[STUDY MATERIAL Boundary: Start]

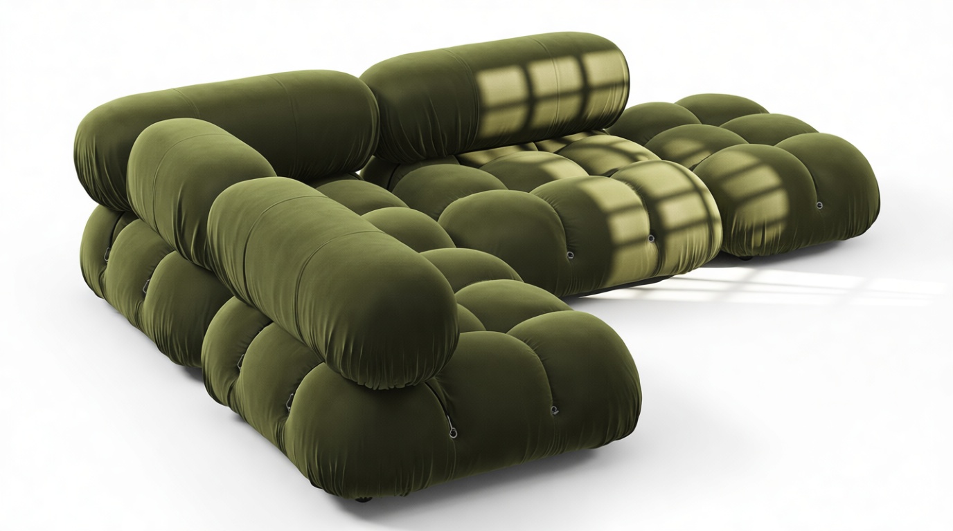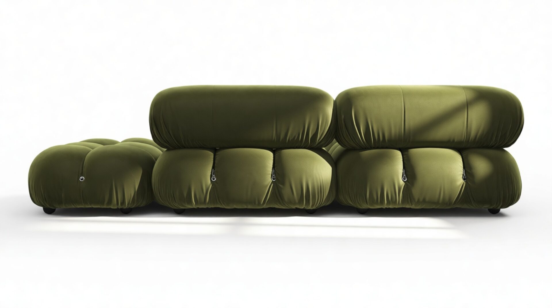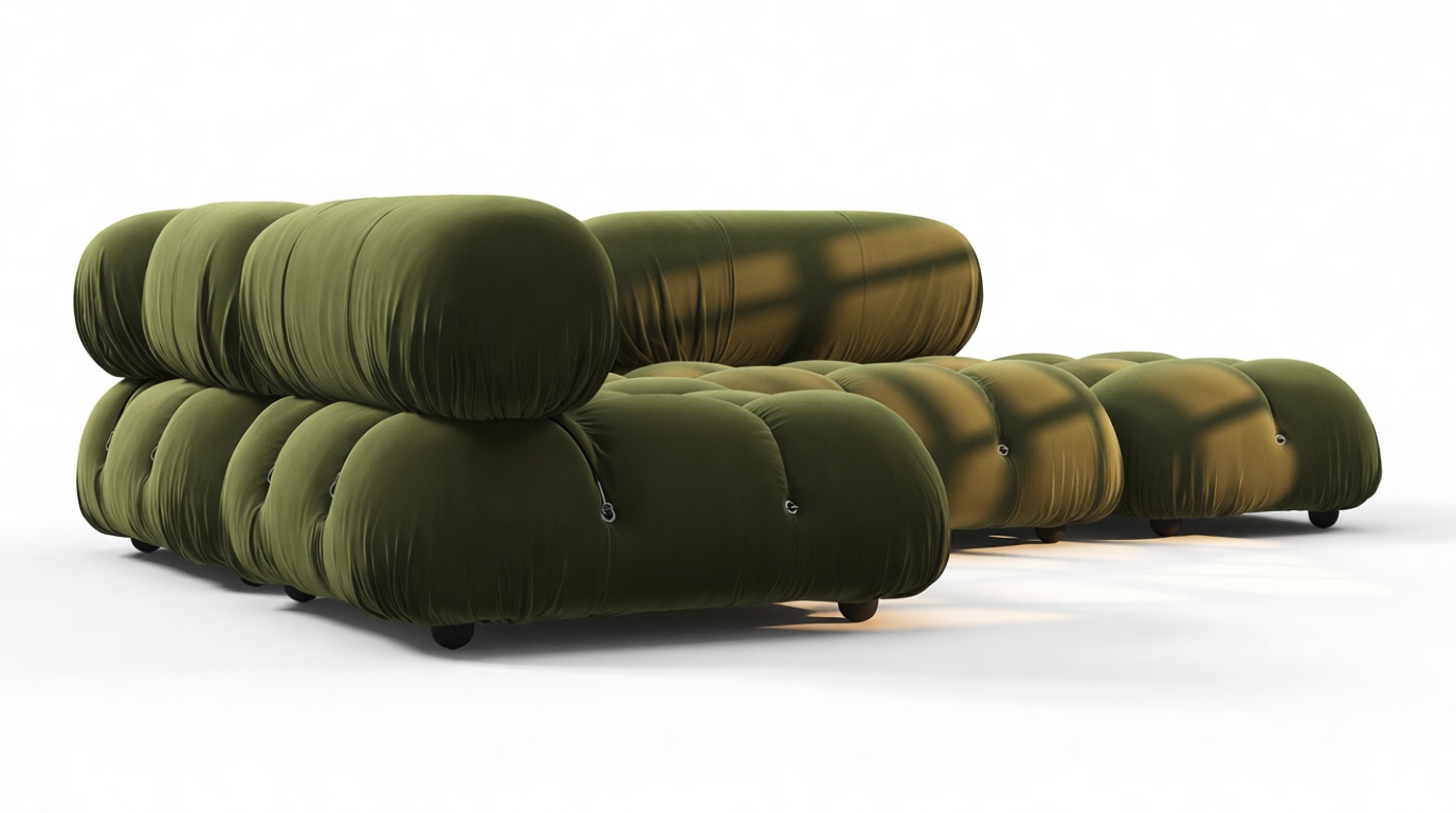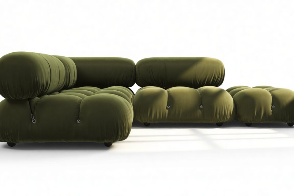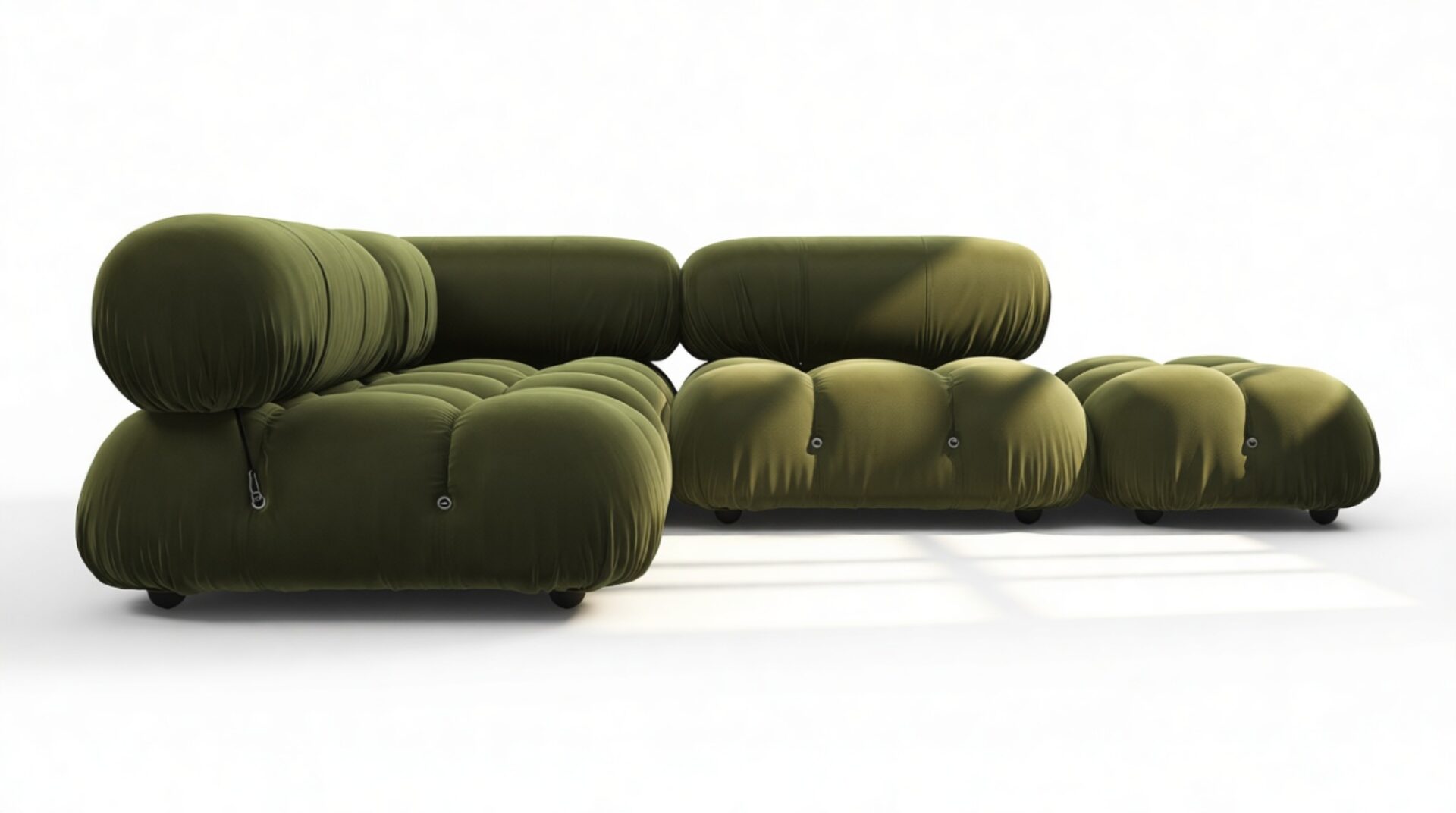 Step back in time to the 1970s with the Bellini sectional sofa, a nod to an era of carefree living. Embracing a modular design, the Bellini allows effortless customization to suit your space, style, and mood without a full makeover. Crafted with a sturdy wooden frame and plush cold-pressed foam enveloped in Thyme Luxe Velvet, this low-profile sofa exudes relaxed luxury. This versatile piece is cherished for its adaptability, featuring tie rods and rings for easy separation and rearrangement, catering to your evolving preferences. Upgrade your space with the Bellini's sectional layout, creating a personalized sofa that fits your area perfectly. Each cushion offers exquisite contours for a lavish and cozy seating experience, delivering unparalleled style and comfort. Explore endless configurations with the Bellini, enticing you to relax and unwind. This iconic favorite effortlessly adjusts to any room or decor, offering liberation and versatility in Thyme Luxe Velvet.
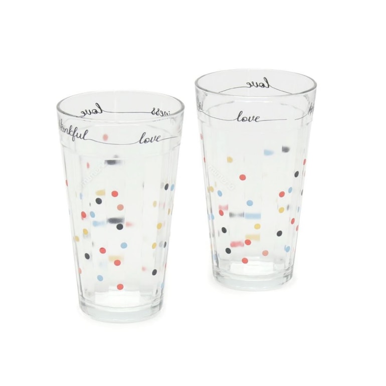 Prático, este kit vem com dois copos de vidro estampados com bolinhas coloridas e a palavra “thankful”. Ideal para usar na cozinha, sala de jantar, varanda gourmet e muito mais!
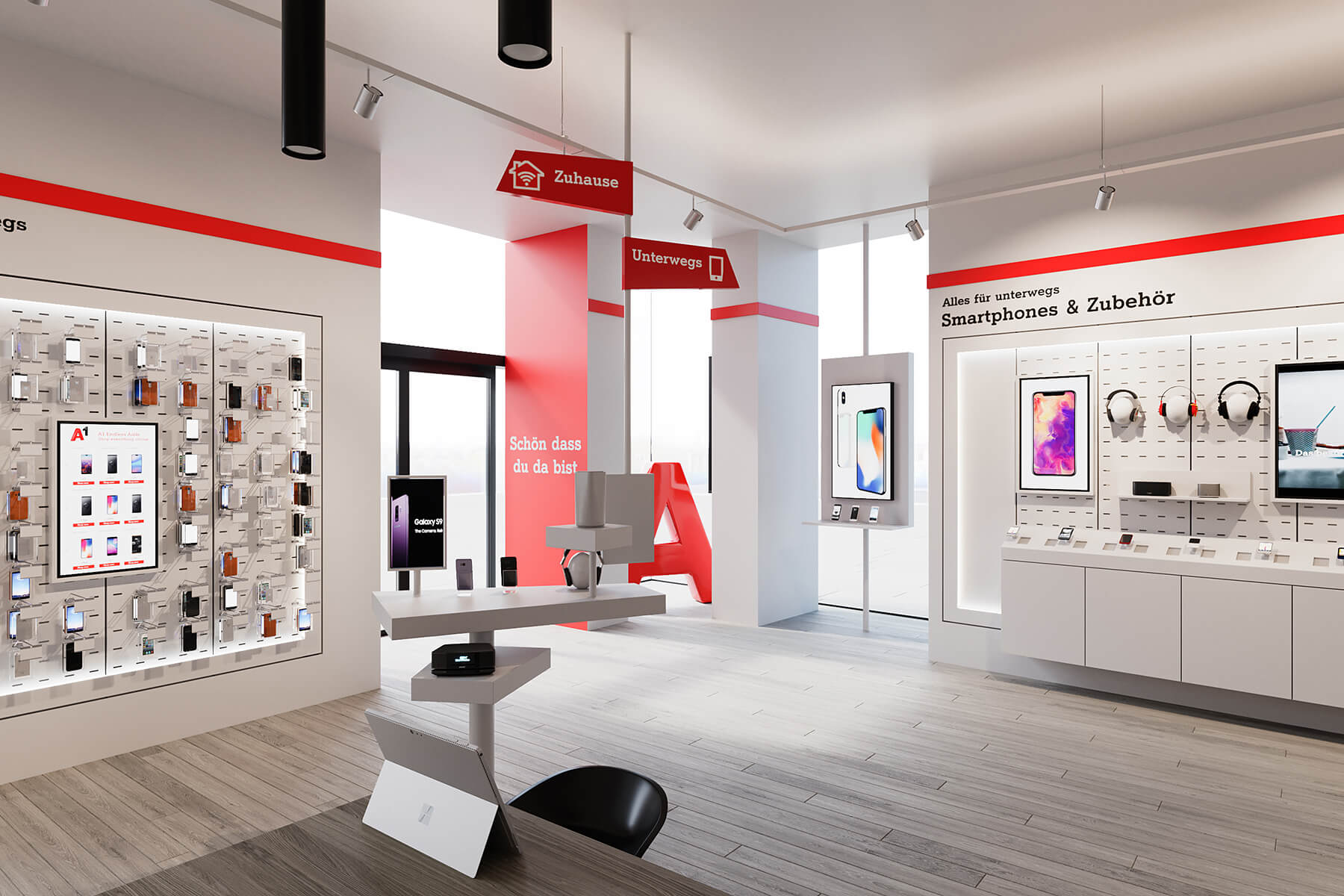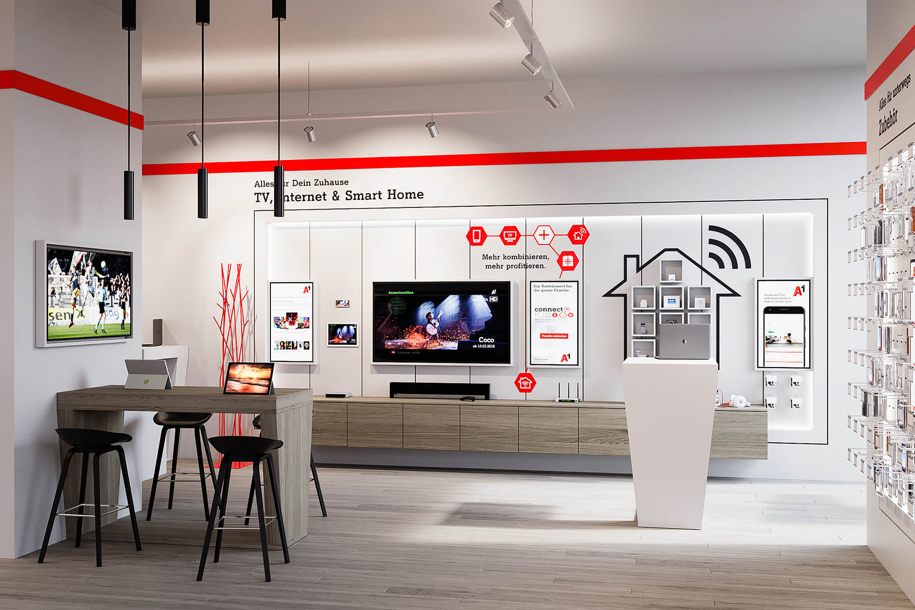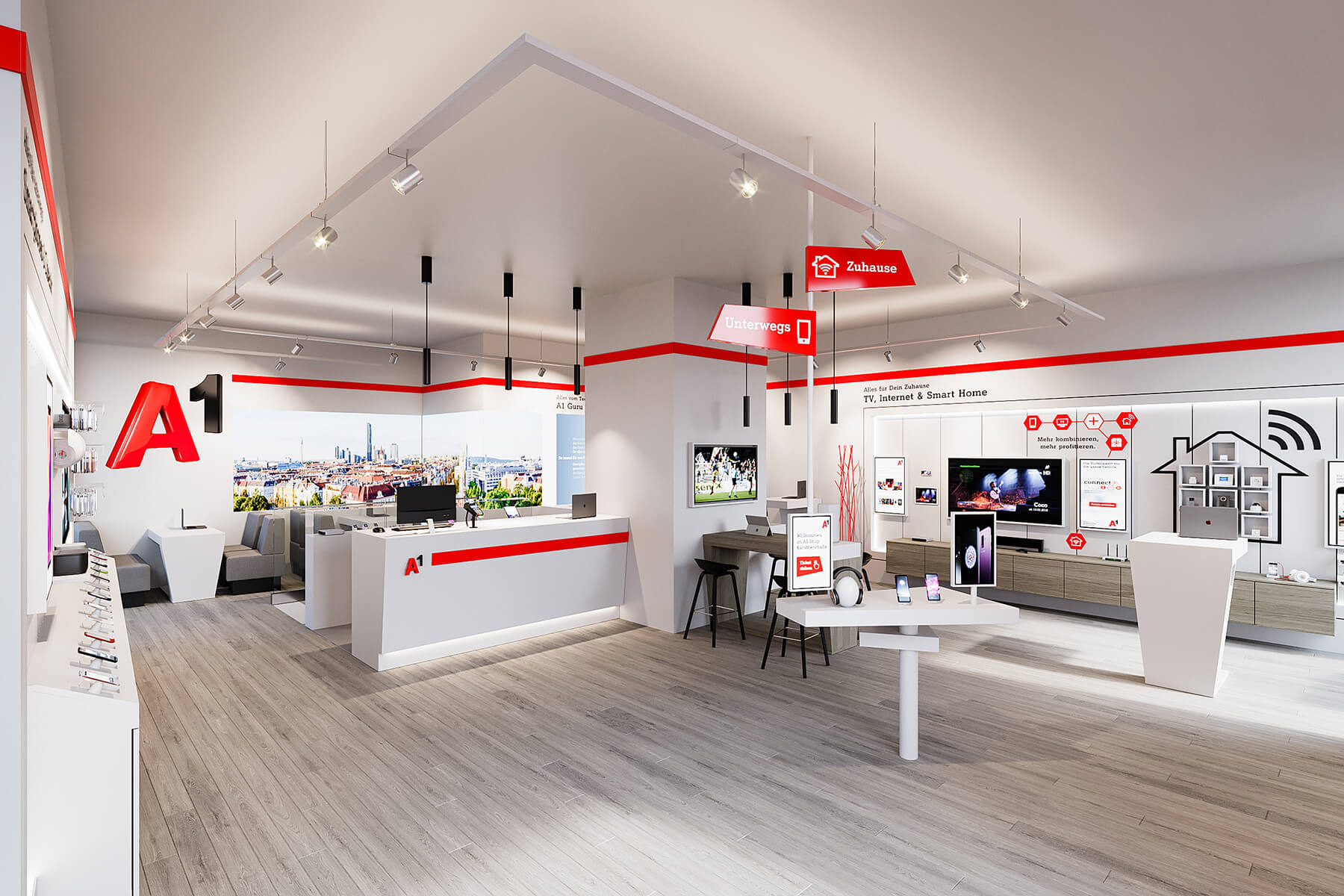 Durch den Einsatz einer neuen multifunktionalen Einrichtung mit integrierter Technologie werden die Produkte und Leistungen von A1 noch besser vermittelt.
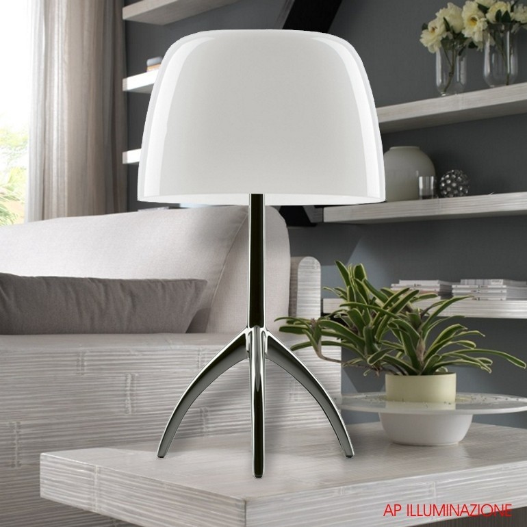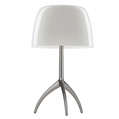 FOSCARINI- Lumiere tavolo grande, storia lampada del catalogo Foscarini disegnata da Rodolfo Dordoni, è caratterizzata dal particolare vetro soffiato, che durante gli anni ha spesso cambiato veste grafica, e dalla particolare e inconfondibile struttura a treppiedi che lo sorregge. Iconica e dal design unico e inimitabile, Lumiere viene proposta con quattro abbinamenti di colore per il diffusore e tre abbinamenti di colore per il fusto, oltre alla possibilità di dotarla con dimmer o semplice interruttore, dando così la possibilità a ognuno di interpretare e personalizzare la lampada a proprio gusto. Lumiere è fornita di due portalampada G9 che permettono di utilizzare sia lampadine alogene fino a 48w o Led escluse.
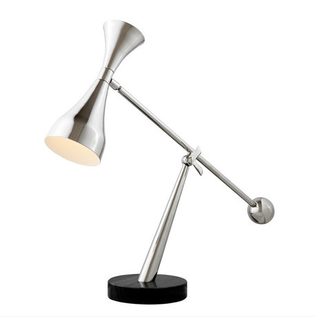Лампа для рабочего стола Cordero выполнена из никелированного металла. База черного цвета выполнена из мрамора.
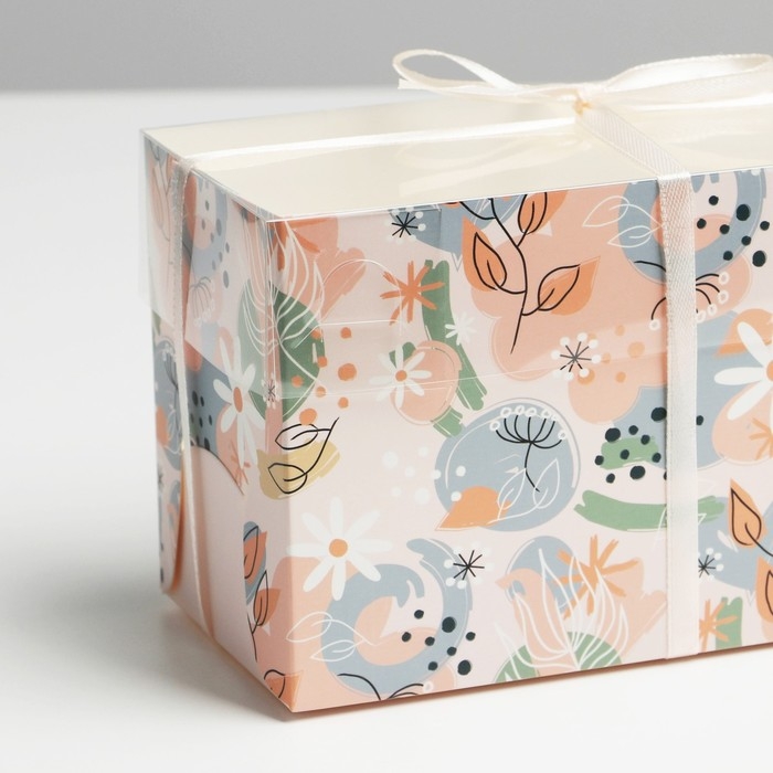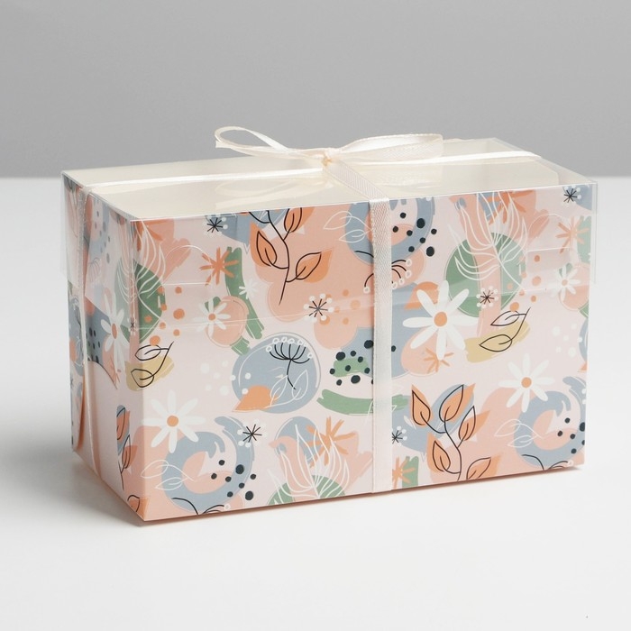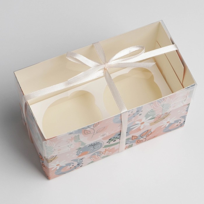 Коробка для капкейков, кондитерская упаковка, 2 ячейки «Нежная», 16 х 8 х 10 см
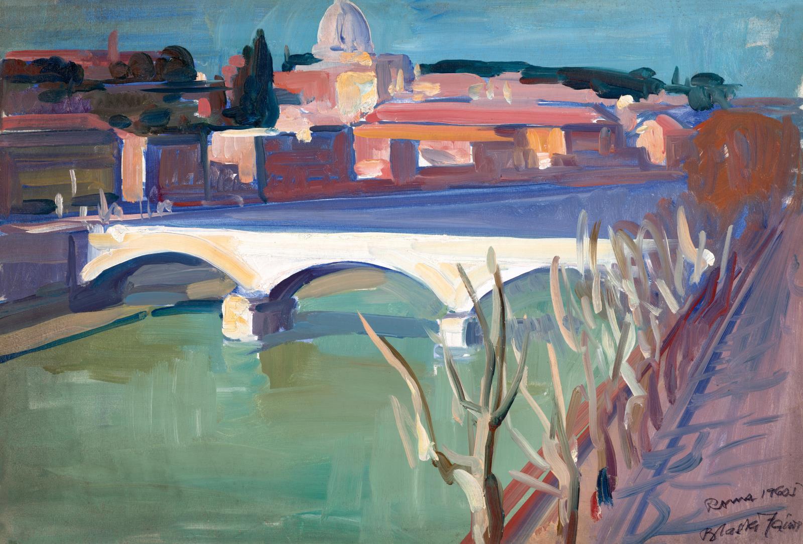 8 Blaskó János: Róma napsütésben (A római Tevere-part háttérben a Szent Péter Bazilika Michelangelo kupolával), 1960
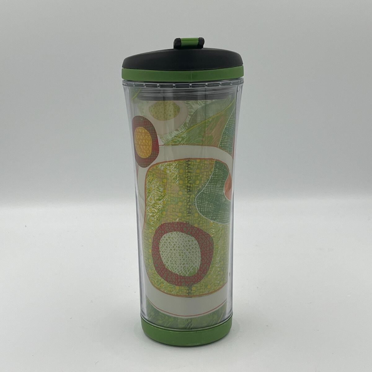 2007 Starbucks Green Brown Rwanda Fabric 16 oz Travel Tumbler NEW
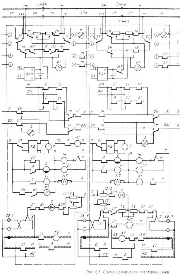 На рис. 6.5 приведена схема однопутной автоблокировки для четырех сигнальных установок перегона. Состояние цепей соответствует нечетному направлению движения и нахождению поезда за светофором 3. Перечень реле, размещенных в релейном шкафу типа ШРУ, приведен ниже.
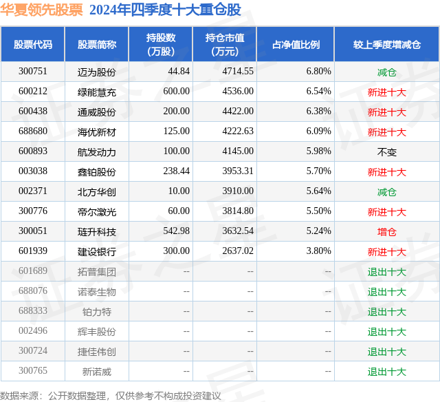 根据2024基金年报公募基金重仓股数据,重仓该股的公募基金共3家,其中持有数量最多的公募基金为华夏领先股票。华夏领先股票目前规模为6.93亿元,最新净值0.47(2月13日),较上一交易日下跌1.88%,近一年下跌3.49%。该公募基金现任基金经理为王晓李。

[STUDY MATERIAL Boundary: End]

*WHAT TO DO*: Above are some entries; copy exactly the lines from the line with "Коробка для капкейков, кондитерская" through the line with "2007 Starbucks Green", both included, but none of the pictures.

*WRITTEN ANSWER*:
 Коробка для капкейков, кондитерская упаковка, 2 ячейки «Нежная», 16 х 8 х 10 см
 8 Blaskó János: Róma napsütésben (A római Tevere-part háttérben a Szent Péter Bazilika Michelangelo kupolával), 1960
 2007 Starbucks Green Brown Rwanda Fabric 16 oz Travel Tumbler NEW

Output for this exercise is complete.